DAVIES: ...and he would go into these rages. And you also had--in addition
to the European cast there, you had scores, maybe hundreds of indigenous
people, Indians, who were...

Mr. HERZOG: Sure. Yeah.

DAVIES: ...observing this raving madman actor. How did they react to Kinski?

Mr. HERZOG: Well, normally they would huddle and whisper, and then they would
fall silent. They would form a circle with their backs out there and they
would huddle, and they were kind of afraid. The funny thing is that the chief
of all these tribal people came to me after one of those mad rages, raving
and ranting of Kinski and screaming for hours; he came to me and he said, `You
have probably noticed that we were kind of afraid.' And he says, `But don't
you believe that we're afraid of this raging madman who is screaming about.'
They were afraid of me because I was so quiet. They were really afraid of me.

DAVIES: Right.

Mr. HERZOG: You see in the same movie, I had to...

DAVIES: Right.

Mr. HERZOG: ...hoist a huge steamboat in one single piece over a mountain
with 1,100 savage--quote, unquote, "savage"--Indians and with no technology,
literally no modern technology. And that boat weighed a couple of hundred
tons, and I don't know if you can imagine what that means. So--and we had two
plane crashes and we had all sorts of things. And Kinski's screaming and
yelling and throwing tantrums every two hours. So you've got to live with it
and you've got to somehow fortify yourself with enough philosophy.

DAVIES: Did the Indians ever offer you any help with Kinski?

Mr. HERZOG: Yeah, well, they wanted to kill him and they asked me, `Shall we
kill him for you?' And I said, `No, I'm still shooting. I still need him.'
It is not a joke.

DAVIES: Right.

Mr. HERZOG: They would have done it in 10 seconds flat.

DAVIES: You know, one of my favorite of your movies--in fact, one of my
favorite of anybody's movies, is "Stroszek." And it's this tale of this man
who gets out of prison, a man, I guess one might say, of diminished mental
capacity. He hooks up with an abused prostitute and an eccentric old man, and
they make their way to, of all places, Wisconsin to start a new life. And
it's just a remarkable story, and one of the interesting things about this is
that the lead in this who plays this disheveled man is a gentleman by the name
of Bruno S., who was not an actor...

Mr. HERZOG: Right.

DAVIES: ...at all. Tell us about what brought--what you saw in him and what
brought him into your movies.

Mr. HERZOG: I saw him by coincidence in a documentary made by a young Berlin
filmmaker, a film student, about marginal people who are doing street singing,
and he was one of them.
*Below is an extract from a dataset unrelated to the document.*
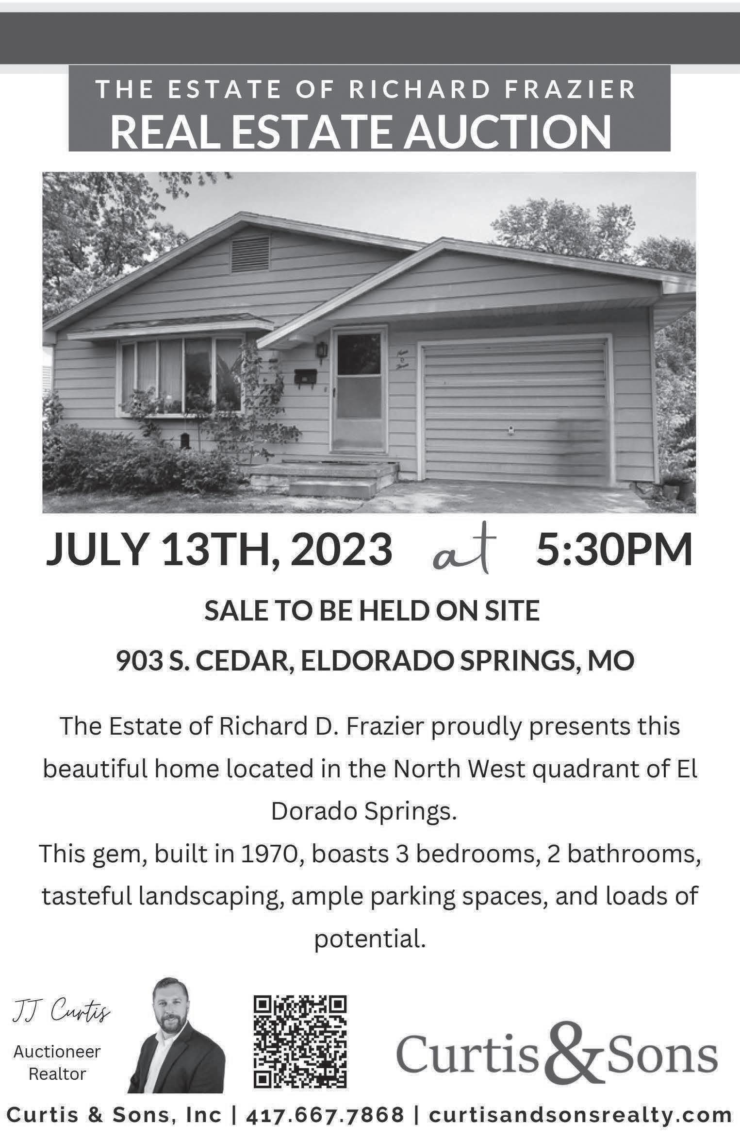 $199,000 CURTIS & SONS AUCTION CALENDAR Auction Thursday, July 13th @ 5:30 pm 903 S Cedar El Dorado Springs, MO AUCTION: Thursday, July 20th @5:30pm Metz, MO Pavillion Auction Saturday, August 19th @ 10am Hume, MO Auction Saturday August 26th Milo

And I instantly knew that man had to be the leading
character, in "Kaspar Hauser." Actually, in fact, he was a forklift driver in
a steel factory, but he had spent 23 years locked away between his third year
of age and he was 26. What happened was he was the son of a prostitute who
didn't want this child, and she beat up that baby so severely all over
the--for no reasons whatsoever, and when he was three years old and he was
speaking already, she beat him so savagely that he lost speech, and that was a
pretext for her to get rid of him, and she put him into an asylum for retarded
and insane children.

And he spent something like six years, until he was nine, started to escape,
was recaptured, ended up in correctional center, in some sort of mild forms of
prison, and then he had a long career of minor offenses, vagabondry or
breaking open a car window when it was bitterly cold and he was homeless, and
he would sleep in the car and police would drag him out, and he got four
months in jail for that. So for 23 years he was locked away and
systematically somehow destroyed by society.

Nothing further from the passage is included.